Jeffrey Toobin's article in the New Yorker about Google's attempt to digitalize all the books in the world offers a host of fascinating technological and financial details. But it doesn't say much about the likely effect on the public's reading habits.

How will things change when virtually every book held by the great research libraries of America becomes instantaneously available to anyone with a computer? Keep in mind that what's proposed is not just providing the texts but also the ability to search through those texts with all the electronic finding devices modern technology has devised. To call that a revolution is an understatement.

When I think what was involved in doing "research" when I was a graduate student, the changes that have come upon us since then startle the mind. And the changes that are coming within the next decade confound it.  There will be no more rummaging through dusty stacks trying to locate a volume that may well have been mis-shelved. No more finding that the very book you need for your next chapter has been checked out by somebody else and won't be available for three weeks. No more sitting in uncomfortable carrels laboriously copying passages you think you may need to make a point that might be required by your thesis. There was a certain romance in all that, especially for pedantic personalities. But it was also a great pain. Shortly, none of it will be required.

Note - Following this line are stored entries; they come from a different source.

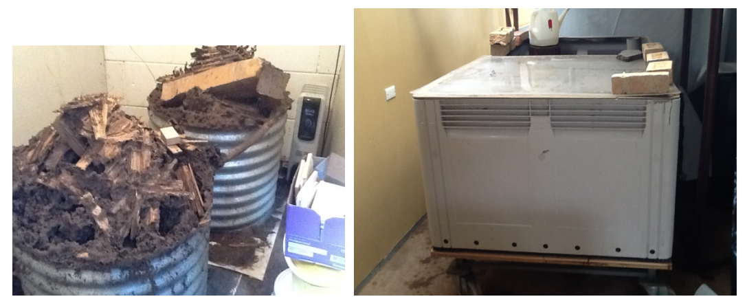
Figure 1: Two termite nests in conditioned rooms with actively foraging and feeding workers/soldiers of the subterranean termite Coptotermes acinaciformis . The left tanks are two half of 44lt gallon drums and the right tank is 1162 X 1162 X 780 ml.

Two active termite colonies of C. acinaciformis were used in this test and the test specimens were directly placed in the termite tank against foraging termites from the termite colonies. All termites used in the AFS test were from two discrete above-ground colonies of C. acinaciformis in Victoria (Fig. 1).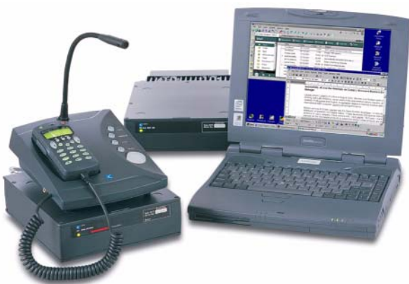
3012 HF Data Modem, NGT desk console, NGT RF Unit and computer

A front panel LED indicator shows presence of power and modem link status.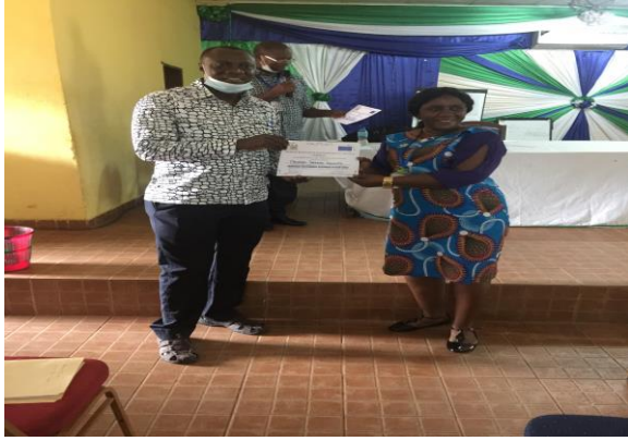
Participant receiving certificate in Tonkolil Dist.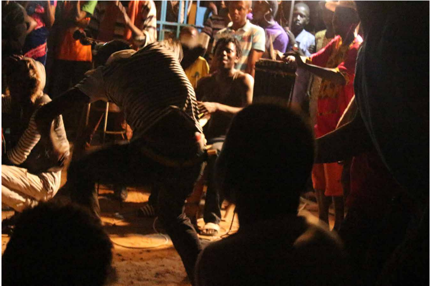
Figure 4.8 Jakarlo, Sanchaba Gambia, 2016. The opponents compete through dance.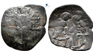
2332 Michael VIII Palaeologus AD 1261-1282. Constantinople Trachy Æ 25 mm, 1,72 g very fine 10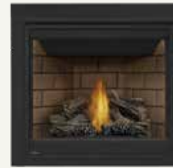
Black 2" Trim Kit shown with Sandstone Brick Panels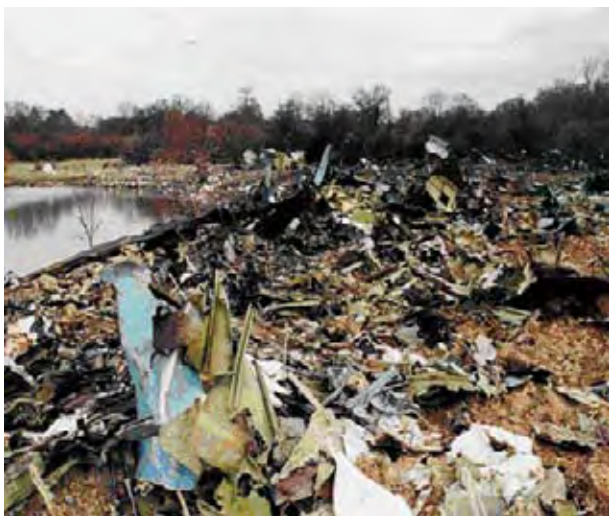
Example of an aircraft accident site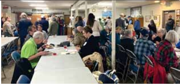
Those in attendance enjoyed nachos in celebration of Cinco de Mayo, beverages, and cookies in the basement before the forum.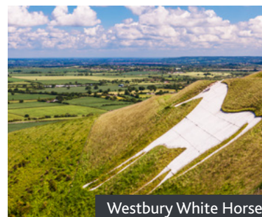
Westbury White Horse

This is the longest ride of the three days - a round trip of almost 40 miles (62km). Head east along the Kennet & Avon towpath to Staverton then head over for a coffee at the Field Kitchen , Holt and pop into the National Trust's Courts Garden . Then continue for 6 miles to Seend Cleeve for lunch at The Brewery Inn or The Barge Inn and then head south across the A361 (one of the main 18th-century roads between London and Bath), as you head to Salisbury Plain - one of the great wilderness areas of southern England. You'll ascend the ridgeway at Great Cheverell and then follow the gravel track of Imber Range Perimeter Path for 8 miles to Bratton Camp and the Westbury White Horse before a long descent to Upton Scudamore then to Farleigh Hungerford and the final descent to Bradford on Avon. Overnight For somewhere completely different, stay at The Farm Camp's bell tents and toast marshmallows under the stars.

Clearly, university departments will lose the monopoly they tried to maintain over serious work. Any moderately intelligent person will be able to find out about topics that once were the domain of credentialed experts.  But, of course, with that degree of open entry the formerly sedate and narrow pathways to academic "success," once controlled so jealously by universities and academic associations will become wild torrents, carrying thoughtful theses and nonsense alike. Come to think of it, that won't occasion much change in quality, but the quantity will be swelled far beyond what was recently believed to be possible. Once again, we will be taught that the future is the era of too much.

When everybody has access to everything the fear is that nobody will pay attention to anything. Reading may well decline among the general population and become a habit solely for eccentrics. Certainly the chance of being a literary hero who compels everyone's attention will diminish dramatically. There will probably not be another Charles Dickens But maybe that's all right. It does seem to be a part of democratic evolution. Our democracy is still creeping with training wheels. When it gets a Harley between its thighs, God only knows what will happen to it.  

As for the books, as we have known them, it's hard to believe that society will continue to provide expensive mausoleum warehouses for millions of volumes that nobody pulls off the shelf.  If they disappear entirely, except as historical artifacts, I don't suppose that will be a matter of great consequence, though the thought does cause me a twinge or two of nostalgic pain.